As tobacco buyout winds down, former growers learn to adapt

( Emily Barnes/The Enterprise / ) - Steve Walter in between rows of flowers he grows in Hughesville on what had been a tobacco farm. He also grows sweet corn, okra, green peppers, watermelon, tomatoes and pumpkins. The farm has been owned by his family since the 1920s.

The decade-long tobacco buyout program from the state has allowed some Southern Maryland farmers to switch to different crops or retire from farming. Some others — a handful in Calvert, Charles and St. Mary’s counties — hold on, raising a few acres of tobacco, even though the local tobacco auction has been gone for six years.

Maryland farmers who agreed to the buyout’s terms, which included giving up tobacco production while remaining in agricultural production, were paid from a multibillion-dollar restitution fund from six major tobacco product manufacturers to settle lawsuits from the attorneys general of 46 states, including Maryland. The buyout was offered as a way to stop production of tobacco for health and other reasons.

Tobacco production in 1992 accounted for two-thirds of the total value of all agricultural commodities produced in the region. The leaf provided a mainstay for more than 900 growers until the buyout shifted the culture and economics of a 300-year-old tradition, according to the Southern Maryland Agricultural Development Commission, which was given the task of organizing the buyout locally. It remains in business, promoting farms and new or alternative farming methods and avenues.

A total of 877 farmers took the buyout, about 86 percent of those who were eligible. They were paid $1 a pound based on their average production from 1996, 1997 and 1998.

“Sooner or later, we were going to be put out of the tobacco business,” because of economics and other factors, farmer Steve Walter said. He used some of the buyout money he to expand his produce business into raising bedding plants in greenhouses on his Hughesville farm. So far, the move has worked out for him, Walter said.

About 75 percent of the farmers took the buyout in the first year it was offered, in 2001, and received the last of 10 payments last year, Maryland Secretary of Agriculture Earl F. “Buddy” Hance said. Farmers could sign on over a five-year period, although the vast majority did so during the first or second year.

The commission has helped many farmers make a transition into other types of farming, including growing produce and flowers or opening their farms to visitors through agro-tourism, and is working to promote other aspects of farming.

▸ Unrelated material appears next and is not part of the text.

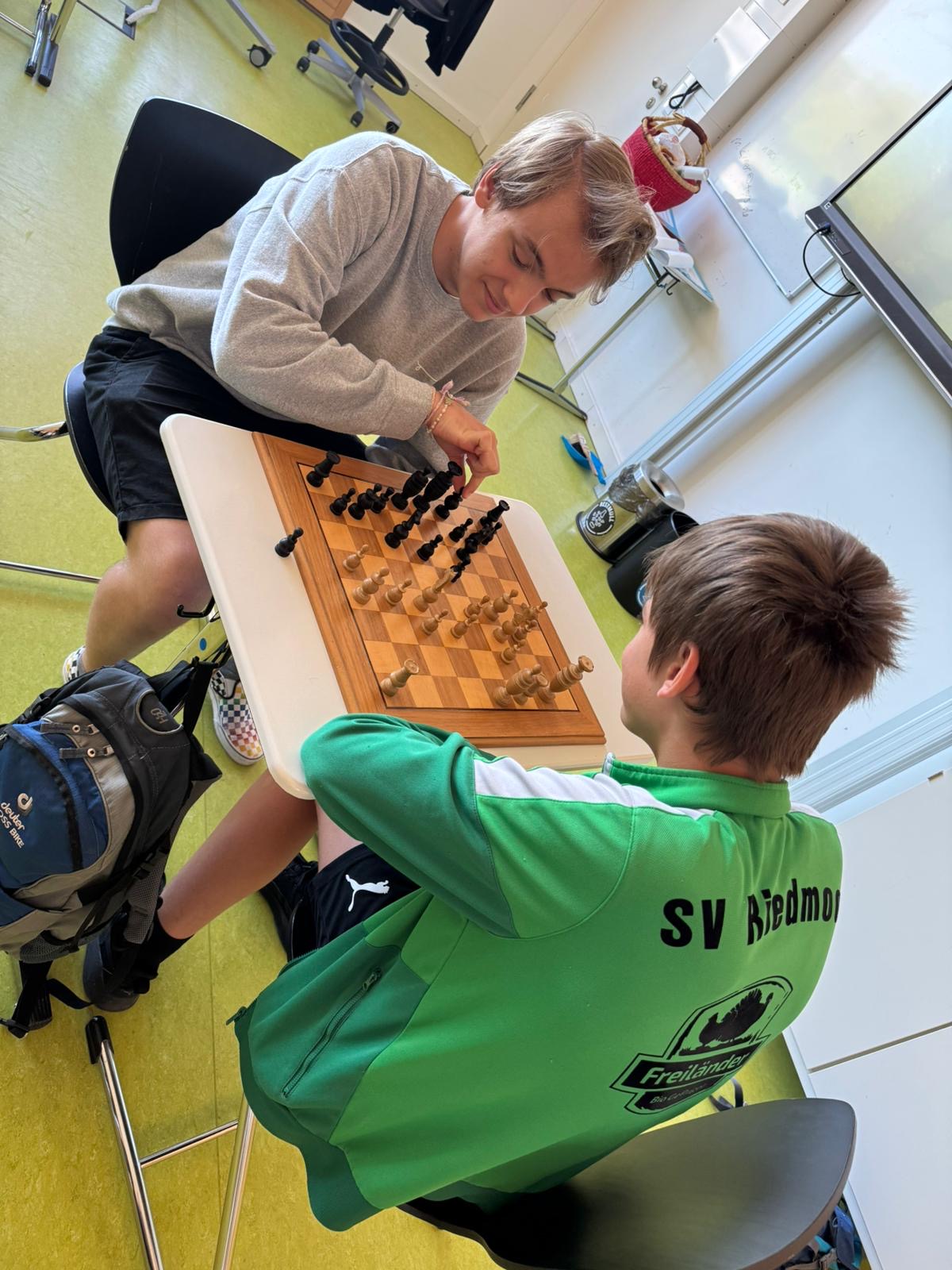 Im Kreativ-Zimmer wurde geplottet, kleine Taschen und Haargummis genäht, Schlüsselanhänger aus Filz hergestellt und bedruckt, in der Schulküche wurden Marmeladen gekocht und verschiedene Buttersorten gerührt, gewürztes Brot sowie salzige und süße Muffins gebacken, sodass die gesamte Schülerschar der 8. Jahrgangsstufe und alle Anbietenden von Workshops sich im Anschluss stärken konnten. Nebenan rauchten die Köpfe – ein ziemlich cooler junger Mann spielte simultan gegen einige Schülerinnen und Schüler Schach – wobei er gegen alle gewann – man zeigte sich schwer beeindruckt und nahm sich vor, mehr zu spielen, um besser zu werden.

“People choose to do different things with their finances,” Christine Bergmark, executive director of the commission, said of the money farmers received for taking the tobacco buyout.

At the time the buyout was administered, the average age of farmers who signed on was about 60. Many were preparing to retire within 10 years anyway, so the buyout made perfect sense, Hance said. Farms with younger operators tended to swithc to another crop or a different type of agriculture, he said, adding that many of them have been successful moving into agro-tourism, produce and other endeavors.

Many came from a long history of family farming, Hance said, and “they want to see that continue in the future.”

That ideal of preserving farmland, coupled with the decline in the housing market over the past few years, has, at least for now, precluded mass sell-offs of farms in Southern Maryland, he said.